• _Work instructions_: Within the entries below, please return exactly the lines from the one with "डोल्पा की त्रिपुरासुन्दरी" through the one with "- 1 Silver Heart", leaving out any pictures.

• _Input for this task_:
━━━━━━━━

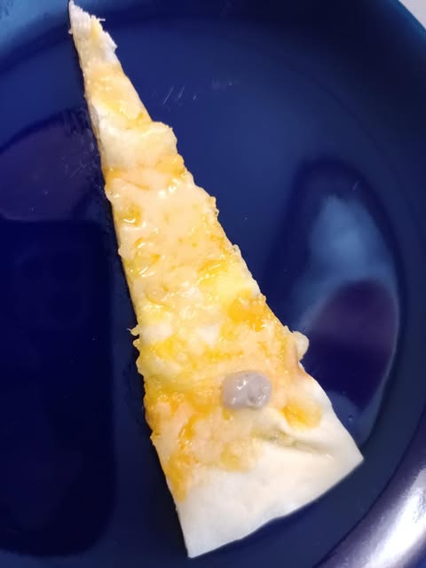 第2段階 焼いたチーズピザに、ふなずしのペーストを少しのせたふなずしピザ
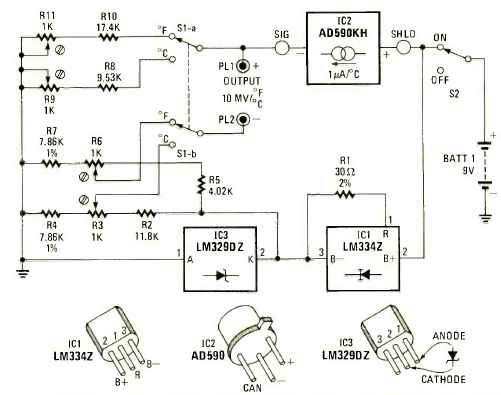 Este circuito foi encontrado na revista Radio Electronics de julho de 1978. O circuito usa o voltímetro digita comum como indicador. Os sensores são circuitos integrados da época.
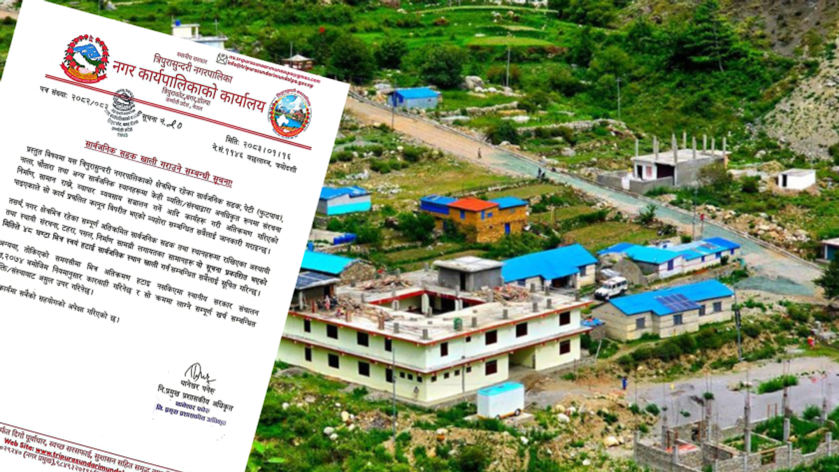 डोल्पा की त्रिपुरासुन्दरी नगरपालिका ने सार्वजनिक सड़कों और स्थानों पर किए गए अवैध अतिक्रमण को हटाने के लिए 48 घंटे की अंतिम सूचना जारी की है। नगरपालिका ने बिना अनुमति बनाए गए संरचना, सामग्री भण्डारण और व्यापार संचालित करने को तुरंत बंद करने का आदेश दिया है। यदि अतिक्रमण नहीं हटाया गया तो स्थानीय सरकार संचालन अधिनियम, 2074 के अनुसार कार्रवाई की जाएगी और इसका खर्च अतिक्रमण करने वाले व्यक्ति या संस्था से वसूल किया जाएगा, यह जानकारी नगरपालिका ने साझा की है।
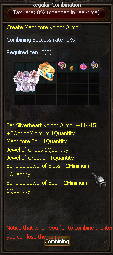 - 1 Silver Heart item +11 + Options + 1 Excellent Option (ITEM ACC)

━━━━━━━━

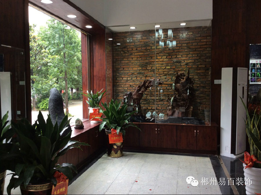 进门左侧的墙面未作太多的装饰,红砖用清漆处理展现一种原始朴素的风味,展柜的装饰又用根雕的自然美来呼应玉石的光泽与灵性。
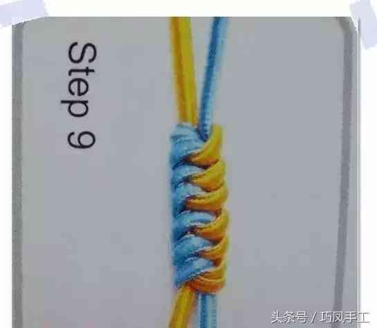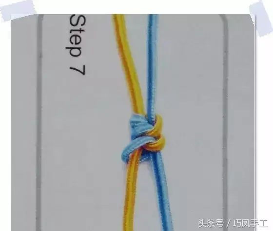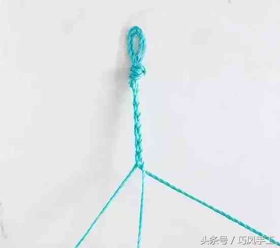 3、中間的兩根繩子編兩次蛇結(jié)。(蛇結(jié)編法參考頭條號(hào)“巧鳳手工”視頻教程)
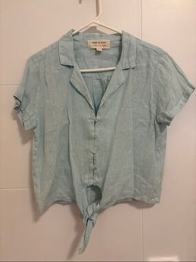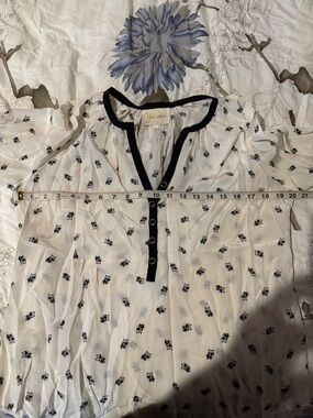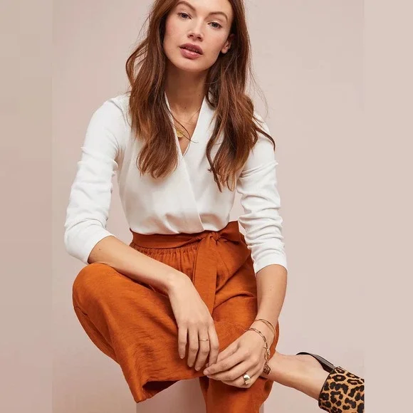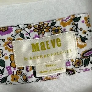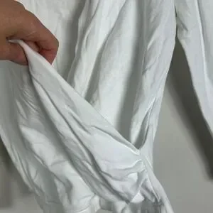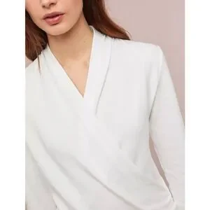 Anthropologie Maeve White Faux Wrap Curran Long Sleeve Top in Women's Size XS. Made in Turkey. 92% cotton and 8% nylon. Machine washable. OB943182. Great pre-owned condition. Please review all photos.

━━━━━━━━

• _Written reply_:
 डोल्पा की त्रिपुरासुन्दरी नगरपालिका ने सार्वजनिक सड़कों और स्थानों पर किए गए अवैध अतिक्रमण को हटाने के लिए 48 घंटे की अंतिम सूचना जारी की है। नगरपालिका ने बिना अनुमति बनाए गए संरचना, सामग्री भण्डारण और व्यापार संचालित करने को तुरंत बंद करने का आदेश दिया है। यदि अतिक्रमण नहीं हटाया गया तो स्थानीय सरकार संचालन अधिनियम, 2074 के अनुसार कार्रवाई की जाएगी और इसका खर्च अतिक्रमण करने वाले व्यक्ति या संस्था से वसूल किया जाएगा, यह जानकारी नगरपालिका ने साझा की है।
 - 1 Silver Heart item +11 + Options + 1 Excellent Option (ITEM ACC)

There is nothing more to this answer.